Yesterday marked the deadline for responses to the HMRC consultation document "Notification of uncertain tax treatment by large business". This is the proposal that large businesses should be required to notify HMRC of uncertain tax positions in returns filed from April 2021.
The broad concept will be familiar to many international groups. As HMRC - no doubt in an effort to be reassuring - point out, the US and Australia already have comparable regimes. And both US GAAP (FIN 48) and IAS (IAS 12 + IFRIC 23) apply similar principles to the accounting disclosure of uncertain tax positions.
However, as HMRC themselves point out, there is one key difference with the HMRC proposal. And in my view, it is the difference between a workable proposal and a potentially unworkable proposal. As HMRC note at paragraph 3.7 of the consultation document:
"IFRIC23 requires an assessment of whether it is probable that a tax authority (including a court) would accept an uncertain tax treatment. It therefore looks to the ultimate outcome, and not solely the likelihood of challenge by HMRC. This measure differs in this respect as it proposes an assessment, not of the ultimate outcome, but to identify and notify uncertainties that HMRC is likely to challenge."

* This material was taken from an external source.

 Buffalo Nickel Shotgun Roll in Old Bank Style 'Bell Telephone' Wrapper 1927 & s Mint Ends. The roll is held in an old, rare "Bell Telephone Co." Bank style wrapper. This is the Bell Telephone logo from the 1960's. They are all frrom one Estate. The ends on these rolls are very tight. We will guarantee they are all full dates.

So the other measures work because they require the taxpayer to assess what outcome is more likely than not. That is something taxpayers and their advisers are competent to do. Generally those measures will assume that all relevant information has come to light, so a taxpayer can't use likeklihood of discovery (or not) to get it over the line, but they are an objective assessment of the technical merits of the taxpayer's position.
Whereas HMRC want a regime that will require notification of positions that "HMRC is likely to challenge", regardless of technical merit. How is a taxpayer supposed to determine that?

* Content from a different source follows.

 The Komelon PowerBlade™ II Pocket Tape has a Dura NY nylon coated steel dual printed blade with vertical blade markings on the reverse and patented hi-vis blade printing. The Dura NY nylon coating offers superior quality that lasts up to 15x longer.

Here, the devil will be in the detail and the hope is that HMRC will listen to the no doubt many consultation responses that will say if this measure is needed at all (which must be open to debate) then notification needs to be determined by reference to clear, objective triggers such as filing contrary to HMRC's published view on a position.
Anything else is likely to lead to confusion and be counter-productive. If it is not based on public information, it will act as a disincentive to obtain appropriate advice, which is surely not what HMRC want. Would a taxpayer seek advice to confirm their view that a particular payment is a deductible revenue expense, say, if there were a risk the adviser may say they are aware of HMRC currently challenging the deductibility of a similar payment for another client and the acquisition of that - non-public - knowledge triggered a notification requirement? That would put advisers in a rather awkward spot too. It shouldn't be the case that providing full advice to a client, based on appropriate experience, leaves the client in a worse position than if they had not sought advice or had perhaps spoken to a less experienced adviser.
And if it is not based on taking a position contrary to a readily discernible HMRC "house view", it will be a capricious regime. HMRC is not a single being with a single view, any more than most law or accountancy firms are. Surely this can't require taxpayers to predict how their particular tax inspector (CCM) is going to view the position. But that also raises the question of what does it mean for HMRC to "challenge" a position.
Is HMRC likely to challenge the position if you think your tax inspector (CCM) is likely to open an enquiry into it, albeit you expect that to be resolved in your favour once appropriate specialists get involved and all the facts come out? Or if you think it will be resolved in your favour once it goes through the appropriate HMRC governance boards? Or if you think that having taken advice from Counsel, and considered their Litigation and Settlement Strategy, HMRC will accept your position? Is it only a "challenge" if, having gone through all of that, HMRC would be prepared to litigate?
If we are to have this regime then the notification triggers will need to be clearly defined in legislation and based on objectively discernible facts, available to all, and not on the basis of predicting how one or more specific individuals may behave.